▸ **INPUT**:
▽

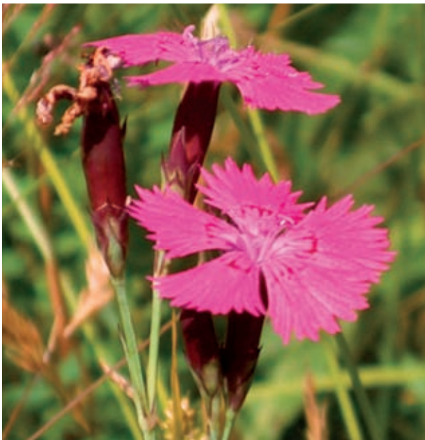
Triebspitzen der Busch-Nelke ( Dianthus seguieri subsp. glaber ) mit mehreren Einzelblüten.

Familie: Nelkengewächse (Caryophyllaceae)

△
▽

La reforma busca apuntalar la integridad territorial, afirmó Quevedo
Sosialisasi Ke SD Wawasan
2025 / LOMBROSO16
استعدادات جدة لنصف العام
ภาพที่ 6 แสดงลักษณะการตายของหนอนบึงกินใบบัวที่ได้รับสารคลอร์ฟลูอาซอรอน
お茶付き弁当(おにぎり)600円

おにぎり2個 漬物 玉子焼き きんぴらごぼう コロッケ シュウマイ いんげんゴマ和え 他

△

▸ **ABOUT THIS TASK**: Among the records above, a stretch begins at the line containing "2025 / LOMBROSO16" and ends at the line containing "おにぎり2個 漬物 玉子焼き きんぴらごぼう コロッケ シュウマイ いんげんゴマ和え 他". Restate that stretch word for word, and nothing else.

▸ **EXPECTED ANSWER**:
2025 / LOMBROSO16
استعدادات جدة لنصف العام
ภาพที่ 6 แสดงลักษณะการตายของหนอนบึงกินใบบัวที่ได้รับสารคลอร์ฟลูอาซอรอน
お茶付き弁当(おにぎり)600円

おにぎり2個 漬物 玉子焼き きんぴらごぼう コロッケ シュウマイ いんげんゴマ和え 他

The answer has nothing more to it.